SAN DIEGO -- A long-term study of dehydroepiandrosterone supplementation in elderly men and women found no effect on body composition, muscle strength or performance, glucose metabolism, or quality of life.

There was a "trend ... of borderline significance" for the effect of the popular supplement on bone mineral density, which was the only positive finding that approached statistical significance in the 2-year study, said K. Sreekumaran Nair, M.D., professor of endocrinology at the Mayo Medical School in Rochester, Minn.

Dr. Nair presented results of one of the few well-designed, long-term studies of dehydroepiandrosterone (DHEA) supplementation at the annual meeting of the Endocrine Society. He noted that levels of DHEA decline with age, and that in rodents, DHEA supplementation has beneficial effects. In humans, however, "There are many conflicting results from many short-term studies."

To provide an objective, long-term perspective, Dr. Nair and associates recruited 120 men and women (mean age, 69 and 70 years, respectively) with low dehydroepiandrosterone sulfate (DHEAS) levels, defined as concentrations below the 15th percentile for normal young adults. In men, bioavailable testosterone was also low, falling more than 1.5 standard deviations below the mean.

Eligible participants were randomized to receive supplemental DHEA (50 mg/day for women and 75 mg/day for men) or placebo for 20-24 months.

As expected, individuals taking DHEA had significant increases in DHEAS levels. Estradiol levels also rose significantly in both women and men taking DHEA. In women only, testosterone levels increased significantly, from a mean 30 ng/dL to a mean 45 ng/dL.

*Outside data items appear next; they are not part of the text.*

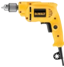
3/8" Drill DWE1014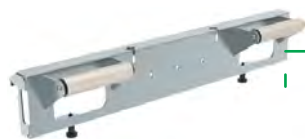
Side connection for motorized roller A210.740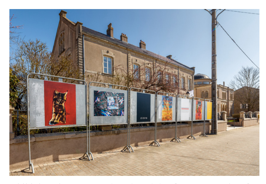
Exhibition view PARTY DE CAMPAGNE, CAC - la synagogue de Delme, 2021.

Visuels en haute-définition téléchargeables dans l'espace presse sur www.cac-synagoguedelme.org (identifiant et mot de passe sur demande).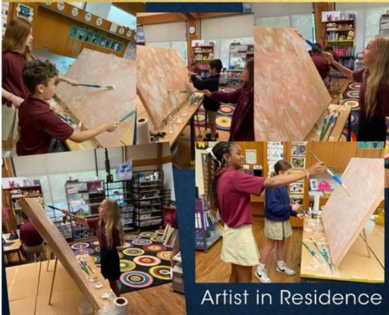
Artist in Residence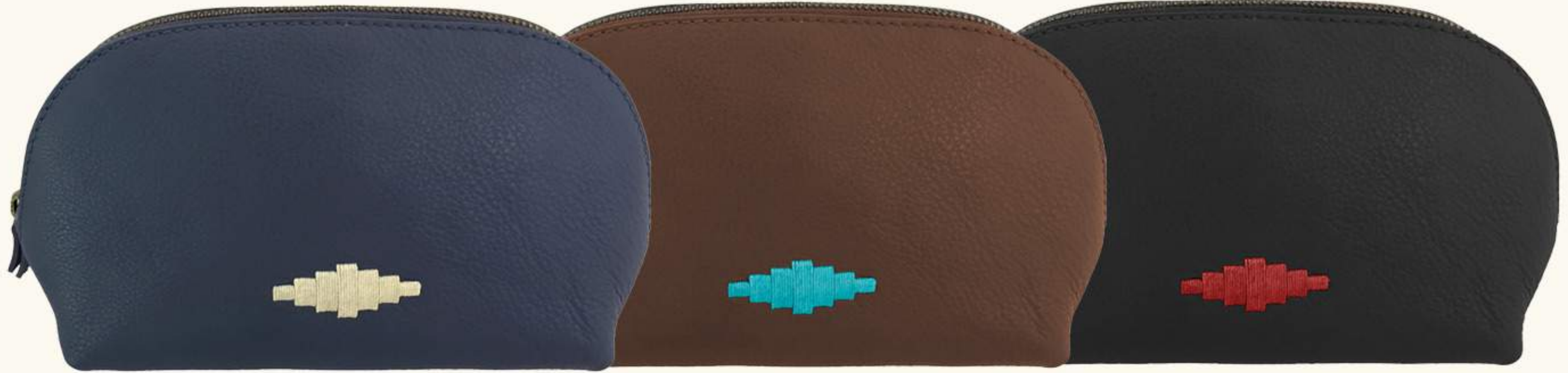
BRILLO SMALL WASHBAG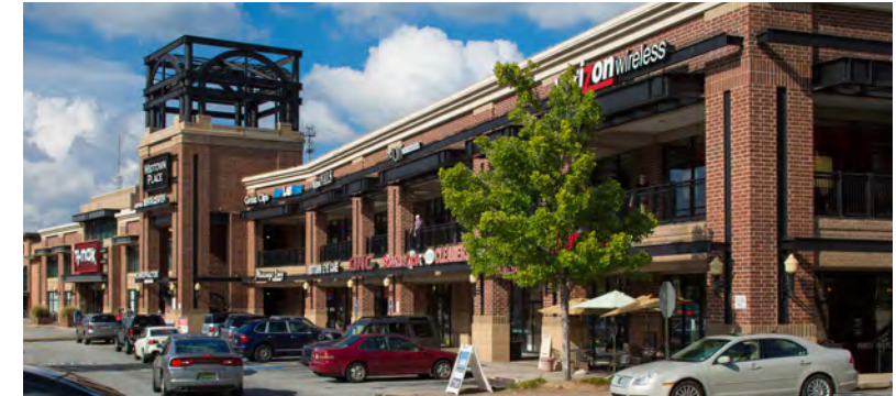
Midtown Place (Atlanta, GA)

Mixed use urban lifestyle center Crate & Barrel, REI, Barnes & Noble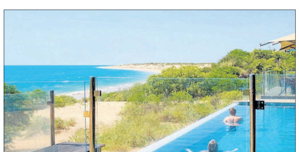
SPOILT FOR CHOICE : Take your pick - the expanse of beach or the infinity pool looking out over the Indian Ocean.

hardships at the hands of European settlers during the early 1800s.

At enrollment and upon completion of the study, researchers conducted a wide variety of tests to identify any potential changes in muscle function, fat distribution, and carbohydrate metabolism. These tests included maximum oxygen consumption, chest press, isometric and double-knee extension, thigh muscle mass by single-slice CT, and fat-free mass by DXA to evaluate muscle function, ratio of visceral to total fat to characterize fat distribution, and fasting glucose and insulin for carbohydrate metabolism. Also measured was bone mineral density at the L2-L4 spine, femoral neck, total hip, distal radius, and ultradistal radius.

Quality of life was assessed by using both physical and mental competency scores.

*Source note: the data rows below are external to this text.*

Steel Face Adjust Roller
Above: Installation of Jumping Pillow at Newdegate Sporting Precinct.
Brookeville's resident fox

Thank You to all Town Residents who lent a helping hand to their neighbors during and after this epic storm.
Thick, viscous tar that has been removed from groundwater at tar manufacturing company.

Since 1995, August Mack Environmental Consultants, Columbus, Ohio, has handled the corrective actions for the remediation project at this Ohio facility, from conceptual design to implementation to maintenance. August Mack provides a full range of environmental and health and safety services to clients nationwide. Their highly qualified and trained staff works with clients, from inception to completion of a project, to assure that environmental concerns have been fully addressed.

Dr. Nair ticked through the results methodically, demonstrating "no difference at all" in subjects taking DHEA vs. placebo on myriad measures.

"Body fat-free mass? The same story," he said at one point.

Bone mineral density did improve slightly in subjects taking DHEA, compared with those taking placebo, mainly due to a 5.7% relative increase in ultradistal forearm BMD in women and a 2.6% relative increase in femur neck BMD in men. But Dr. Nair characterized the overall trend in BMD as "weak" evidence of DHEA's effectiveness.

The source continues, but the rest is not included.